## RECORDED DATA:
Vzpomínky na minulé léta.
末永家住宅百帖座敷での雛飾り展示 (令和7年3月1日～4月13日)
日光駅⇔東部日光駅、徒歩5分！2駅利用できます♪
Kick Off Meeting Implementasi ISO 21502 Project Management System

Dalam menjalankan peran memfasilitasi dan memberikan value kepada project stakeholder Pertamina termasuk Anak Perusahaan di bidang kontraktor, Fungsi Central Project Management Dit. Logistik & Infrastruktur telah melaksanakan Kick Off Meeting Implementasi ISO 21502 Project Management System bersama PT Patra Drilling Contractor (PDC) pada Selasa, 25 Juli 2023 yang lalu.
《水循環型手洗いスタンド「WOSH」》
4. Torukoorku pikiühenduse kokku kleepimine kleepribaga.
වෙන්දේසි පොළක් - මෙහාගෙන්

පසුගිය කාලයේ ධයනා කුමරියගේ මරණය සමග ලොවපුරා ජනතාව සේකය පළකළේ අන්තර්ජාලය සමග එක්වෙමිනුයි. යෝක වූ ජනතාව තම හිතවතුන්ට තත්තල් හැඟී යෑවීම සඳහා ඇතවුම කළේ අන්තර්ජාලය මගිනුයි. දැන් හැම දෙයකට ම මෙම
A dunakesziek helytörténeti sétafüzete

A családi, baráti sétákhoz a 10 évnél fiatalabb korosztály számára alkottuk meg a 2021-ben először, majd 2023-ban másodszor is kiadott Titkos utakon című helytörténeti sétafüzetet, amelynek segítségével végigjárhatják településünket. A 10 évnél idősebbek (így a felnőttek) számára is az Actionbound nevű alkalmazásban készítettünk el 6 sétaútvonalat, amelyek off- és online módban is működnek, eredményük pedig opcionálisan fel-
...
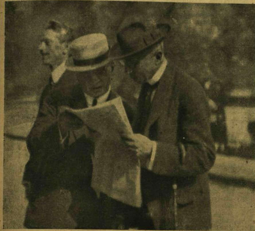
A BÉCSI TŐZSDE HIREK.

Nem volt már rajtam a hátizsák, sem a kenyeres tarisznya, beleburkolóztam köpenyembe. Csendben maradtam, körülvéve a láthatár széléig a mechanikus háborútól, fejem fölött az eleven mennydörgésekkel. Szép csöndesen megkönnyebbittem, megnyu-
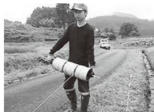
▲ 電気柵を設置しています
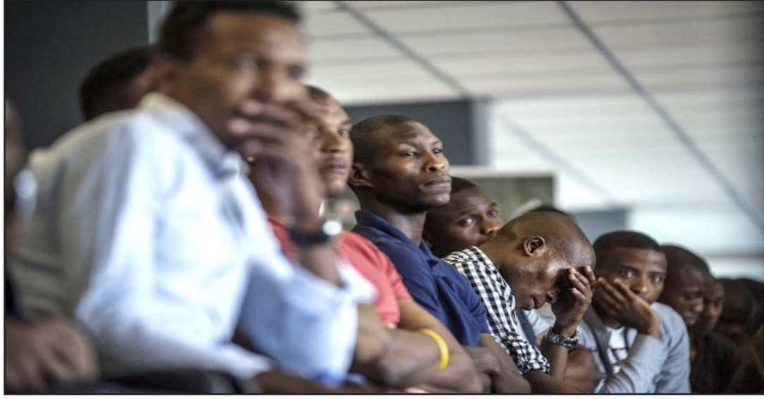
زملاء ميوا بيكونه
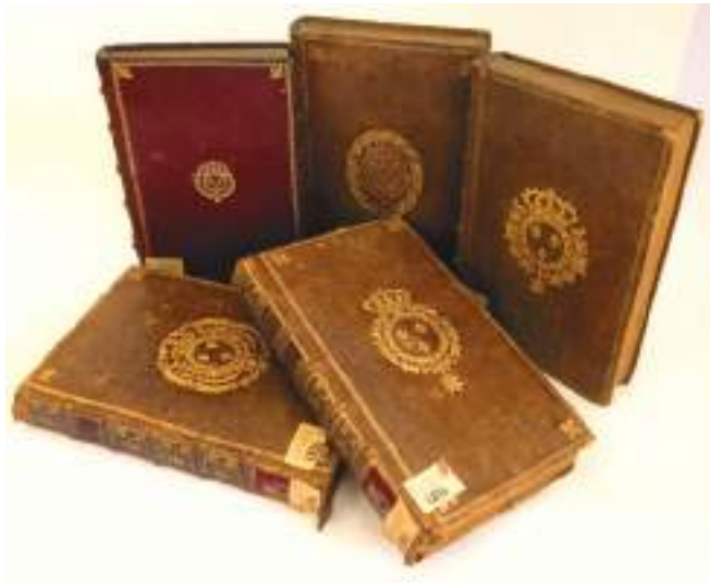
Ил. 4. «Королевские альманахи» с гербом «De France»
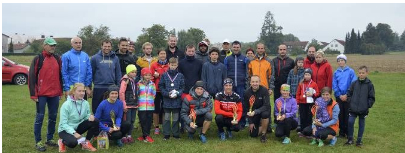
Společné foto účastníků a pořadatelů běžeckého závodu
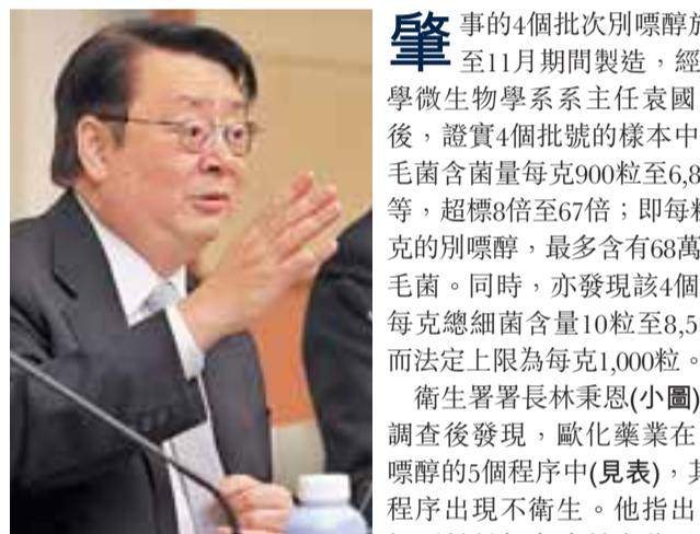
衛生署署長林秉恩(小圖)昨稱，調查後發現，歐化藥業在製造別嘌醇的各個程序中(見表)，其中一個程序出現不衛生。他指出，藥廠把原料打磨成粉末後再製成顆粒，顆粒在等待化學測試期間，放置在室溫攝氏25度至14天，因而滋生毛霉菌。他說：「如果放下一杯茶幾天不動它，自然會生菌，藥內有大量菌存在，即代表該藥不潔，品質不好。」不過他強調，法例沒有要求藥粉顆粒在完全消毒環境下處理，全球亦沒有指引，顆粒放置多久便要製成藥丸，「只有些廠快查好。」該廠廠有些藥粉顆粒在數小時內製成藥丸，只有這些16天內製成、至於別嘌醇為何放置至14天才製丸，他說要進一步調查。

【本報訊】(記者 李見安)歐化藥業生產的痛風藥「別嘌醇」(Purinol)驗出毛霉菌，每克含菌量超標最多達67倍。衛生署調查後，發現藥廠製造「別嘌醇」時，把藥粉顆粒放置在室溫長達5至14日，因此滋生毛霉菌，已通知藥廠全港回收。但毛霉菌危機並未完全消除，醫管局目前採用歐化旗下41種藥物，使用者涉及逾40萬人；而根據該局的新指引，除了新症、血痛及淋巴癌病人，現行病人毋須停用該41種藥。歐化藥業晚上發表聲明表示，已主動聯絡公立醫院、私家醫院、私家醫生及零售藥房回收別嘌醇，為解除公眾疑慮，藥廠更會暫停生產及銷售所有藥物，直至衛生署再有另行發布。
---
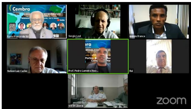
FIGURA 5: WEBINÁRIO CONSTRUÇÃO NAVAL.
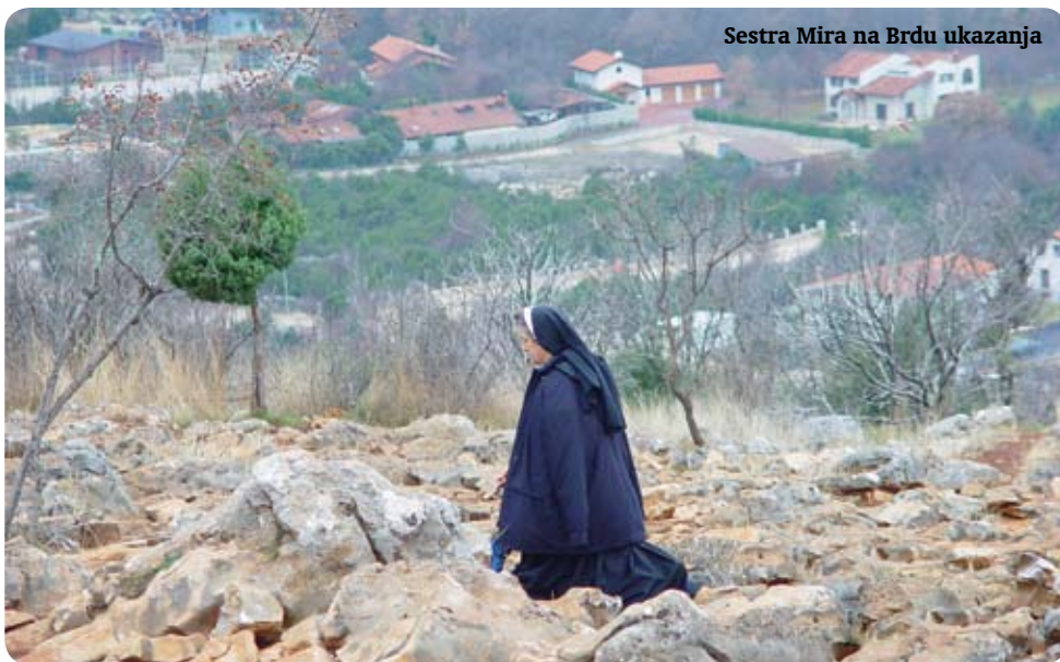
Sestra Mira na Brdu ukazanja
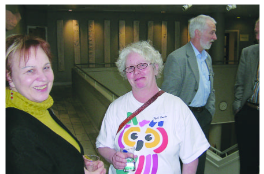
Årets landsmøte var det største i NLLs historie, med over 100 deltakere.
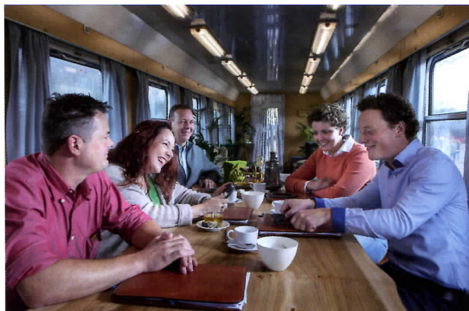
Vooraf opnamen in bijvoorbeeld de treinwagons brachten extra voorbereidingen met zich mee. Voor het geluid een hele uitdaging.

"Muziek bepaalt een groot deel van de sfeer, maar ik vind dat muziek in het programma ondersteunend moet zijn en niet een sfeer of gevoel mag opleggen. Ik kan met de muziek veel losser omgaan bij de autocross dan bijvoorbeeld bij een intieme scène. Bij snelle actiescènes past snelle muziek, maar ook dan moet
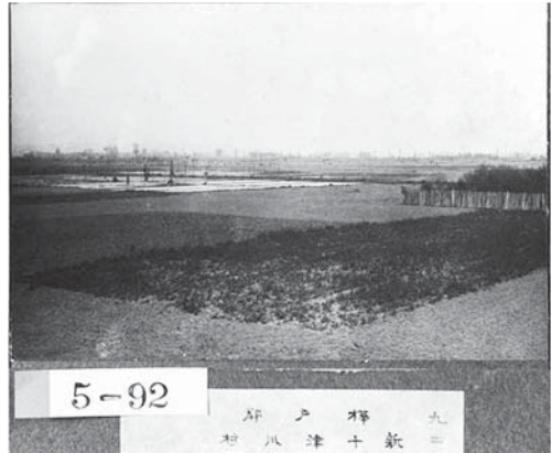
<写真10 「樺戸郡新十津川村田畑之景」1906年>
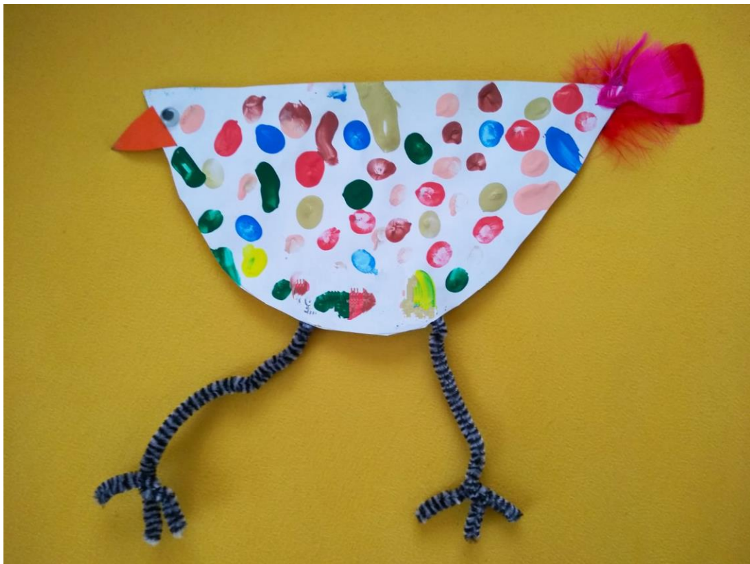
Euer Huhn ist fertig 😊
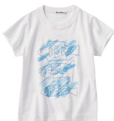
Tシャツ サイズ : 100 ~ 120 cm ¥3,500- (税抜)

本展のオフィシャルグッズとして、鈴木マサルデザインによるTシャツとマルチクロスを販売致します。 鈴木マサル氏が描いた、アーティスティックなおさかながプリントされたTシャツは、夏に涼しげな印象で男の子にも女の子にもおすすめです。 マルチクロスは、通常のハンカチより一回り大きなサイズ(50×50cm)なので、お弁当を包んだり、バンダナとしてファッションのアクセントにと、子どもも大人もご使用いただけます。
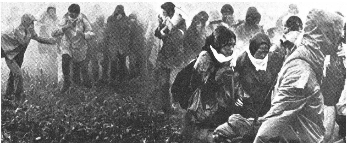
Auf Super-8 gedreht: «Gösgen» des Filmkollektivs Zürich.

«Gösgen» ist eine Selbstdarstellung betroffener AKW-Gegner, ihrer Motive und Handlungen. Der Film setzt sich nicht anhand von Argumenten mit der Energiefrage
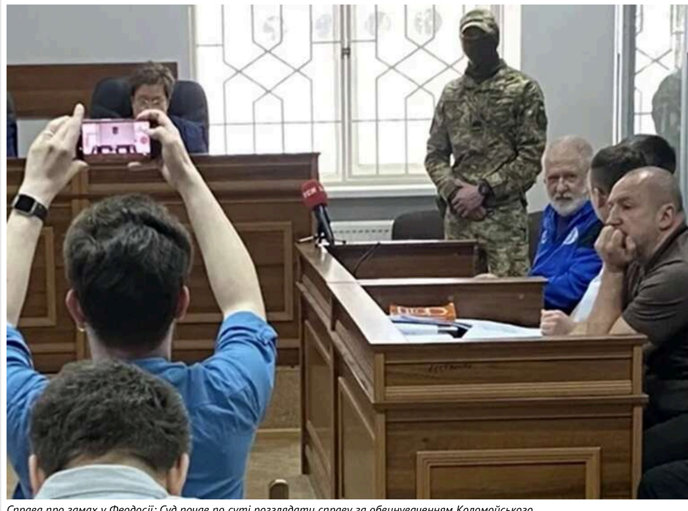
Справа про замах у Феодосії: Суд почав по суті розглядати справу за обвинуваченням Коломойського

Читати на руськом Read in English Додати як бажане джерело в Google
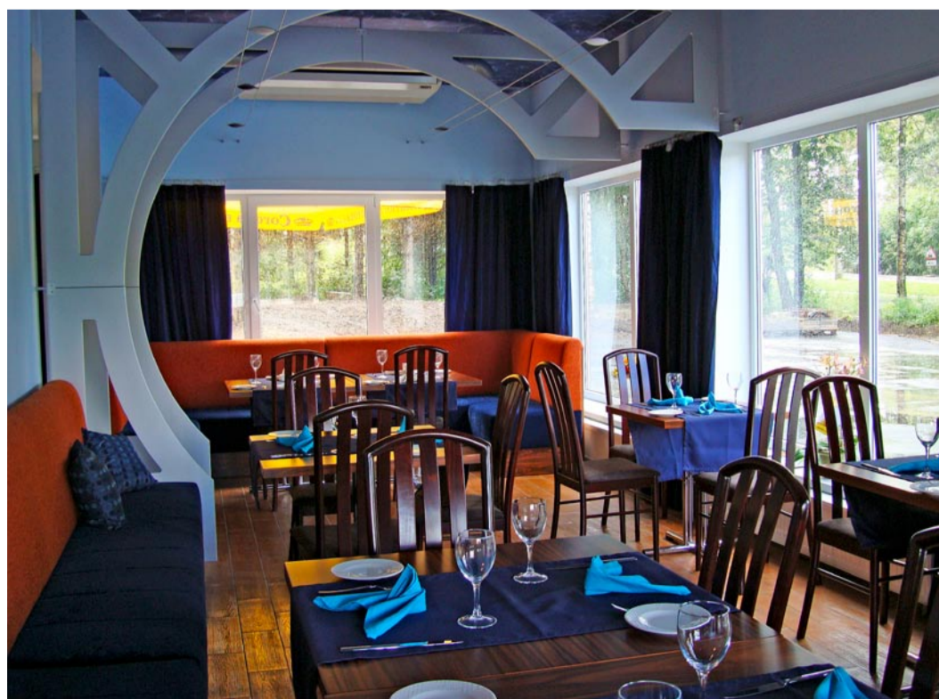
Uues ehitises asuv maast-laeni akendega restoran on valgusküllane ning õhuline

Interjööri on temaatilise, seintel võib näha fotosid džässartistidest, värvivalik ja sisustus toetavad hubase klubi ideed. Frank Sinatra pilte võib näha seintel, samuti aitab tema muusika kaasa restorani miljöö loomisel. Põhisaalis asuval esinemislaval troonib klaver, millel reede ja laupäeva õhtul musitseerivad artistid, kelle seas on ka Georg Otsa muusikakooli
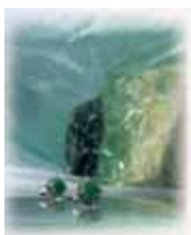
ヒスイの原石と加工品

## REQUIREMENT:
In the listing above, find the line containing "mit der Energiefrage" and the line containing "Читати на руськом", then return both of them and every line between, exactly, without pictures.

## ANSWER TO THIS EXERCISE:
«Gösgen» ist eine Selbstdarstellung betroffener AKW-Gegner, ihrer Motive und Handlungen. Der Film setzt sich nicht anhand von Argumenten mit der Energiefrage
Справа про замах у Феодосії: Суд почав по суті розглядати справу за обвинуваченням Коломойського

Читати на руськом Read in English Додати як бажане джерело в Google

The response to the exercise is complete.